Сергей Гуриев: Да, вы правы, пропаганда гораздо более эффективна сегодня, чем в советское время, где она уже была предметом насмешек. По уровню репрессий, если смотреть на количество заключенных, Россия сегодня находится примерно на позднесоветском уровне. В российских тюрьмах открыто пытают людей, в следственных изоляторах пытают людей, которые выходят на пикеты. И это, конечно, уже не совсем то, что было в позднее брежневское время.
Этот режим в каких-то чертах не дотягивает до открытой советской диктатуры, а в каких-то чертах это уже более страшно, чем то, что было. При всем этом мы не знаем, как устроено общественное мнение. Сегодняшние опросы не дают результатов, которым можно было бы доверять.
Китайский план
Евгения Альбац: 23 февраля на заседании Генеральной ассамблеи ООН при голосовании по резолюции, которая звучит так, что Россия должна вывести свои военные силы с территории Украины и прекратить военную операцию, 141 страна эту резолюцию поддержала. Как всегда, против все те же 7: Беларусь, Северная Корея, Эритрея, Мали, Никарагуа, Россия, Сирия. Любопытно, что среди 32 тех, кто воздержался, по-прежнему Индия и Китай.
Да, Индия выигрывает оттого, что она стала основным покупателем российской нефти. Но Китай выступил только что с 12 пунктами, в которых предлагает себя в качестве посредника в прекращении войны. Что вы думаете по поводу этого плана?

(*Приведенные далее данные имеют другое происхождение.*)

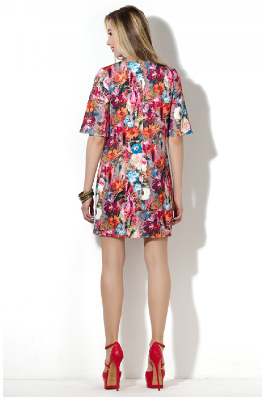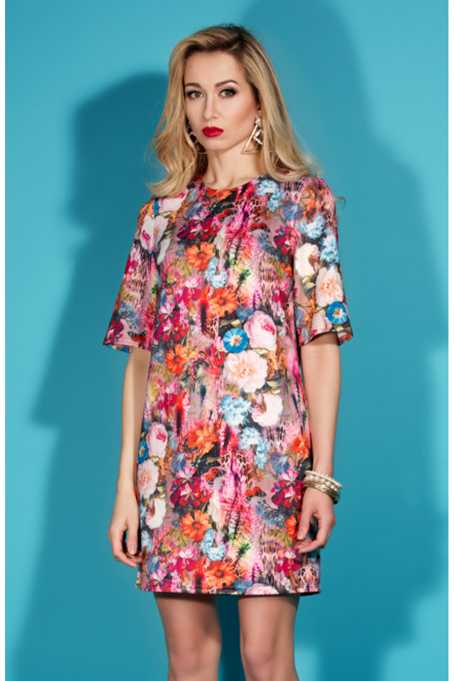 Прямое платье из принтованного трикотажа «водолаз». Платье простого кроя, на полочке вытачки, на спинке средний шов. Вырез горловины круглый. Модную актуальность платью придают широкие втачные рукава длиной до локтя. Прямой, свободный силуэт платья подходит обладательницам всех типов фигур, а последние несколько сезонов он еще является и модным трендом. Сочетание прямого силуэта с цветочным принтом делает данную модель ультрамодной и современной. Длина – 81-83 см (зависит от размера).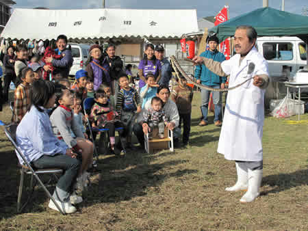 忙しくってすっかり過去の出来事になってしまいましたが、節田集落では23日に恒例の種おろしが行われました。なにそれっていう方々に説明いたします。10月の終わりごろ、集落の各家庭を組ごとに踊りまわるのです。例えば新婚さんの家とか、新築した家とか、赤ちゃんが生まれた家とか、おめでたいところを回って行くのです。そして昼から飲みまくり、食いまくり、それはそれは盛り上がるお祭りなのです。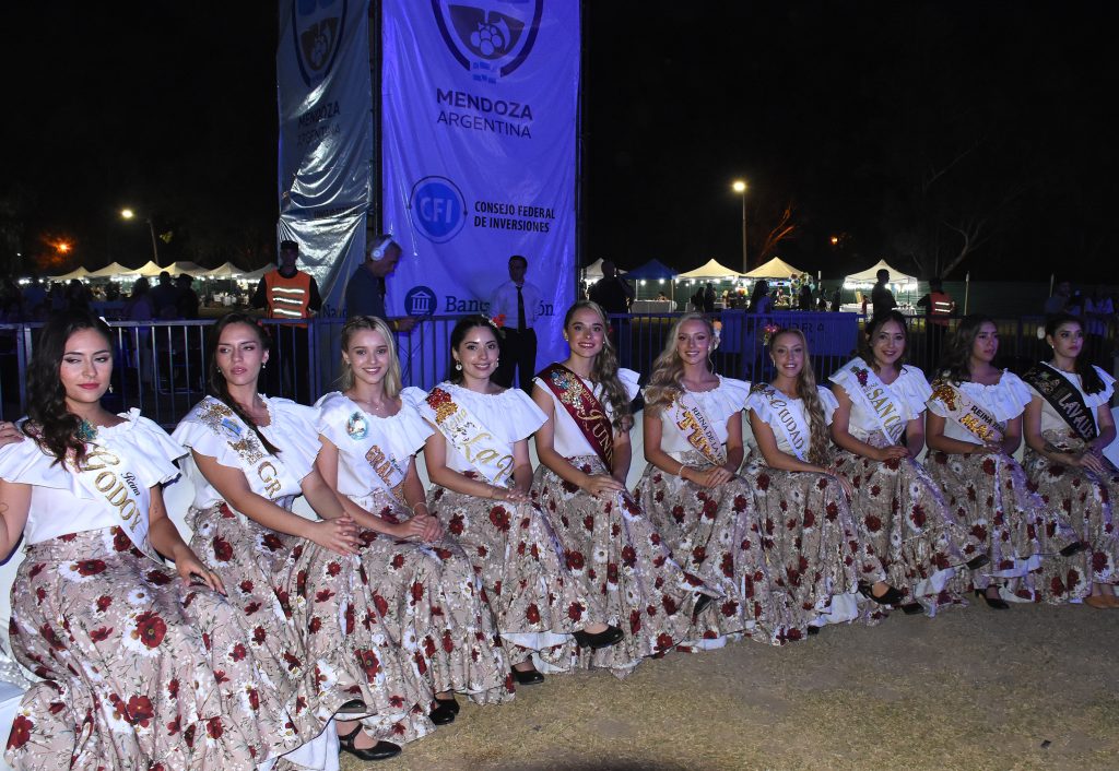 Luego, las candidatas departamentales, junto a la Reina y la Virreina Nacional, participaron del gesto simbólico de elevar canastos con frutos de cada rincón de la provincia, reafirmando que: antes de la corona, está la tierra; antes del aplauso, el trabajo; y antes del vino, la vid.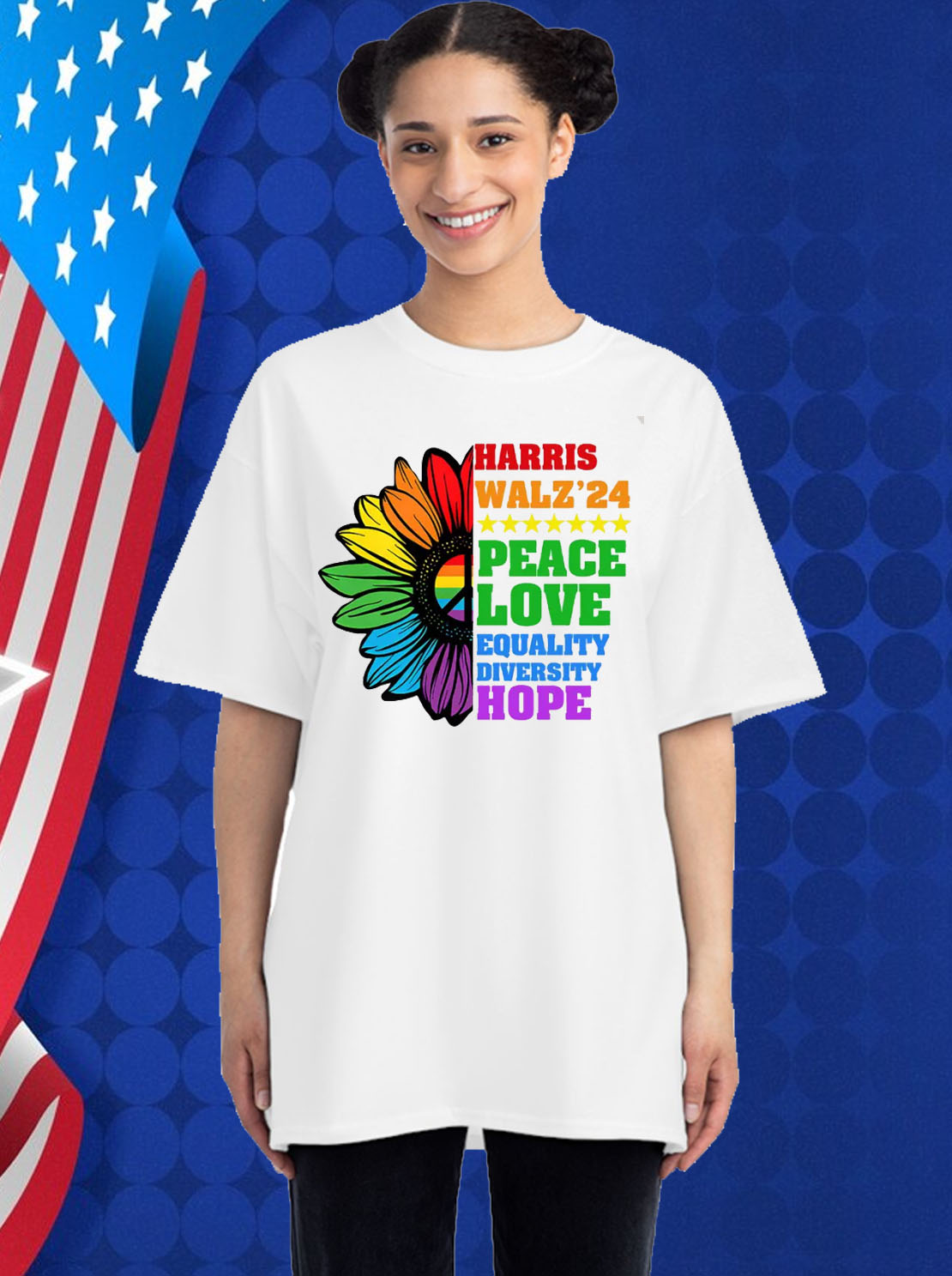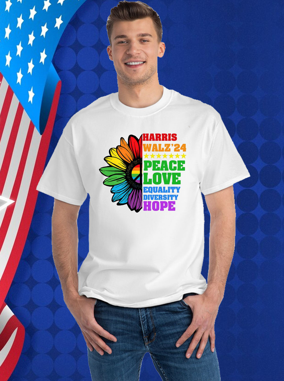 Join the movement for a brighter future. Order your Kamala Harris Tim Walz 2024 Peace LGBT Shirt today and let your voice be heard!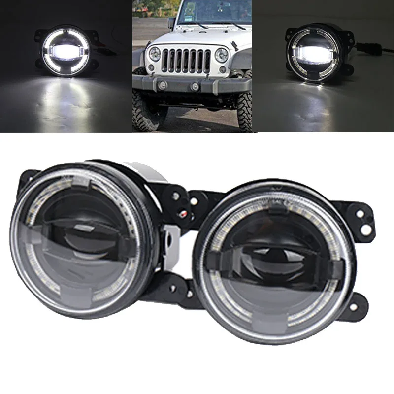 4-дюймосветильник светодиодные противотуманные фары, проходящие Противотуманные фары 30 Вт, линзы проектора DRL Halo для Jeep Wrangler JK TJ LJ Grand Cherokee Lada Offroad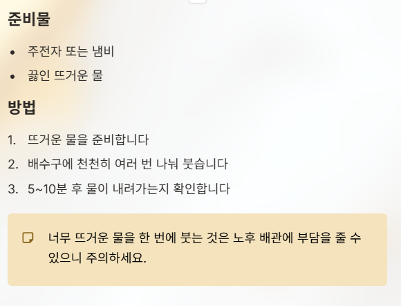 너무 뜨거운 물을 한 번에 붓는 것은 노후 배관에는 부담이 될 수 있으니 주의.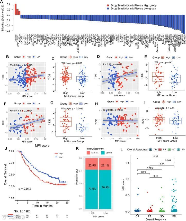 此外,从GDSC下载了药物基因组学数据。我们发现,对于某些抗癌药物,高MPI评分的患者对药物反应更为敏感,例如阿法替尼(图7A)。相反,对于依托泊苷、多柔比星和吉西他滨,低MPI评分的患者对药物反应更为敏感(图7A)。还分析了MPI评分与TIDE评分之间的相关性,结果显示在三个验证数据集中存在正相关关系(图7B、D、F)。例如,GSE62452显示出最强的正相关性(R²=0.43,p=2.4E−04,图7F)。此外,高MPI评分组患者的TIDE评分在所有三个数据集中均显著较高(图7C、E、G)。然而,在GSE21501中,相关性未达到统计学显著性(图7H、I)。为了探讨MPI评分是否可以作为免疫治疗反应的标志,使用R包IMvigor210CoreBiologies从接受PD-L1抑制剂阿特珠单抗治疗的患者中提取了一组转录组和临床数据进行验证分析。高MPI评分与更好的治疗后结果相关(p=0.012,图7J)。此外,高MPI评分组和低MPI评分组对阿特珠单抗的反应比例(CR/PR)相似(高MPI评分组:22.5%;低MPI评分组:23.1%;图7K,L)。
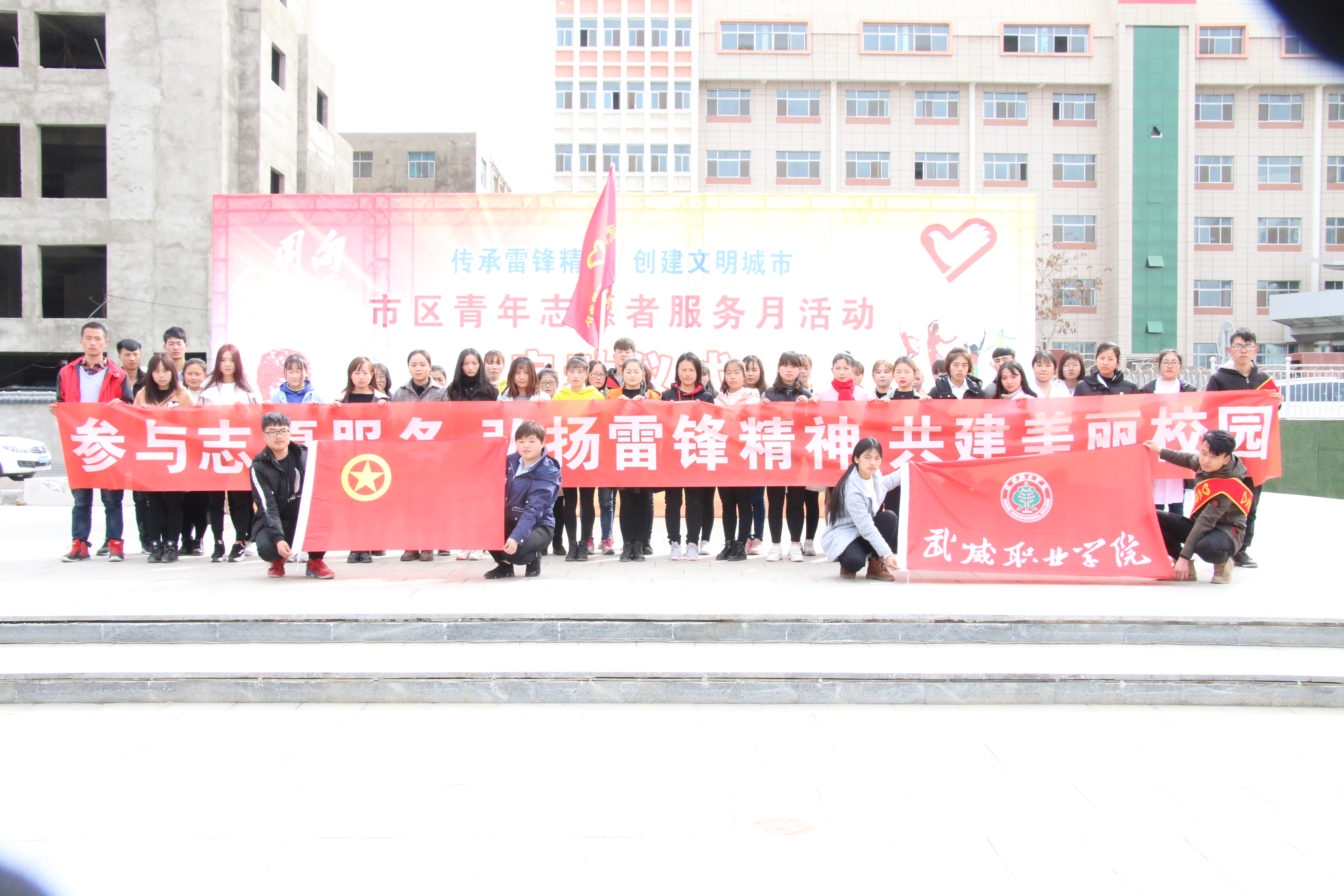 今年是毛澤東等老一輩革命家為雷鋒同志題詞55周年,3月5日是中國(guó)青年志愿者服務(wù)日。 3月5日下午,學(xué)院50名志愿者在武威市文化廣場(chǎng)參加了全市志愿者服務(wù)月活動(dòng)啟動(dòng)儀式,活動(dòng)現(xiàn)場(chǎng)氣氛熱烈,市領(lǐng)導(dǎo)為我院志愿服務(wù)隊(duì)進(jìn)行了授旗,青年志愿者代表宣讀了倡議書(shū),全體志愿者重溫了青年志愿者誓詞。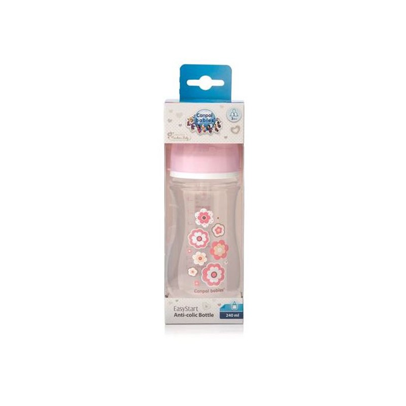 Canpol Biberon anti-colique - 240 ml - rose fleurs - tétine 3m+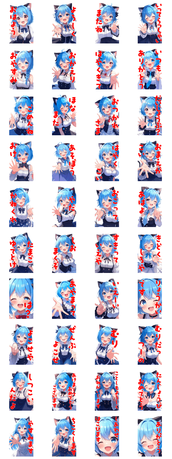 可愛いメイドさんのスタンプです。 ひらがなのみのとても読みやすいスタンプです。 ※このスタンプはトークルームで大きく表示されるBIGスタンプです。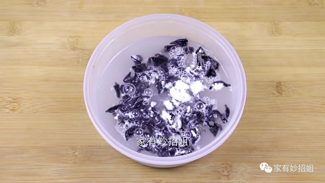 我们快速的摇晃可以增加水分子的运动,使木耳快速的吸水,加入的白糖也可以使黑木耳能更快速的吸水。在木耳的表面会有很多的褶皱,这些褶皱里面很容易隐藏一些细菌污渍,而我们加入的面粉具有很好的吸附作用,可以将木耳表面的杂质都吸附干净。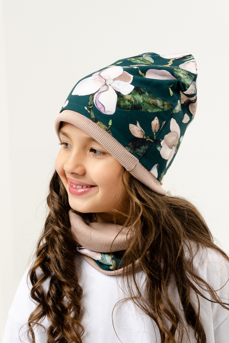 Комплект для девочек: шапка + шарф-снуд в детской в стильной расцветке.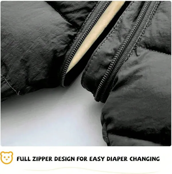 adorable puffer jumpsuit is designed to protect your baby from the cold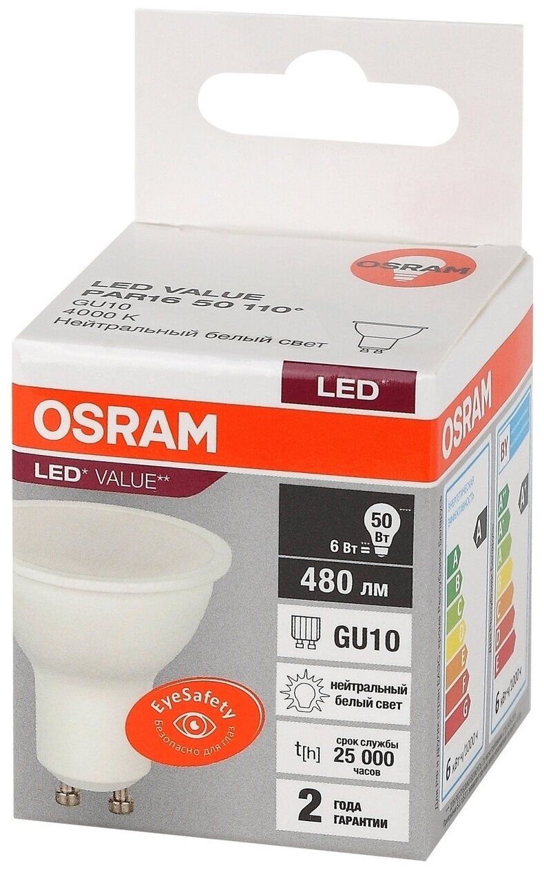 Отзывы на 10шт/уп. Лампа LED Софит 6Вт 220-240V GU10 PAR16 480Лм 4000К Угол 110 град. D-50mm L-54mm Свет Дневной белый OSRAM, уп. 10шт

Сергей Гуриев: Вы забыли упомянуть интересный аспект: воздержался, а не проголосовал против Иран. Интересно, что вся дружба с Ираном пока не привела к тому, что Иран однозначно поддерживает Россию.
Китайский план абсолютно нереализуемый, потому что первым пунктом стоит предложение уважать территориальную целостность и суверенитет, но это предложение делает мир невозможным. Украина считает, что ее суверенитет — в границах 1991 года. А Россия считает свой — в границах конца 2022 года. Если реализовать первый пункт китайского плана, то Россия получит назад Херсон и Запорожье. Даже Запорожье не «назад», а просто получит, потому что это там, где проходит граница по российской Конституции. А Украина, наоборот, хочет получить назад Донбасс и Крым. И это бессмысленный разговор, тем более что дальше Китай говорит о том, что нельзя вводить санкции, и т.д. И конечно ни Россия, ни Украина не согласны с этим планом, если читать его буквально. Но Китай говорит: «Мы хотим быть посредником». И для этого они воздерживаются. Конечно, в интересах Китая остановить эту войну любой ценой.
Евгения Альбац: Почему?
Сергей Гуриев: Китай страдает от проблем глобальной экономики. Если посмотреть на прогноз экономического роста в мире в январе 2022 года, до войны, то вы увидите, что мировая экономика, по мнению Международного валютного фонда, должна была расти темпами 4,4%. Это огромная величина. А на самом деле мировая экономика выросла на 3,4%. То есть потеря в один процентный пункт мирового ВВП, триллион долларов. И это связано с войной. Каждый доллар, который мировая экономика зарабатывает, это рабочие места для китайской экономики, для китайской молодежи. В этом смысле чем хуже ситуация в мировой экономике, тем тяжелее Китаю. Поэтому Китаю, конечно, хотелось бы, чтобы такой полномасштабной войны не было.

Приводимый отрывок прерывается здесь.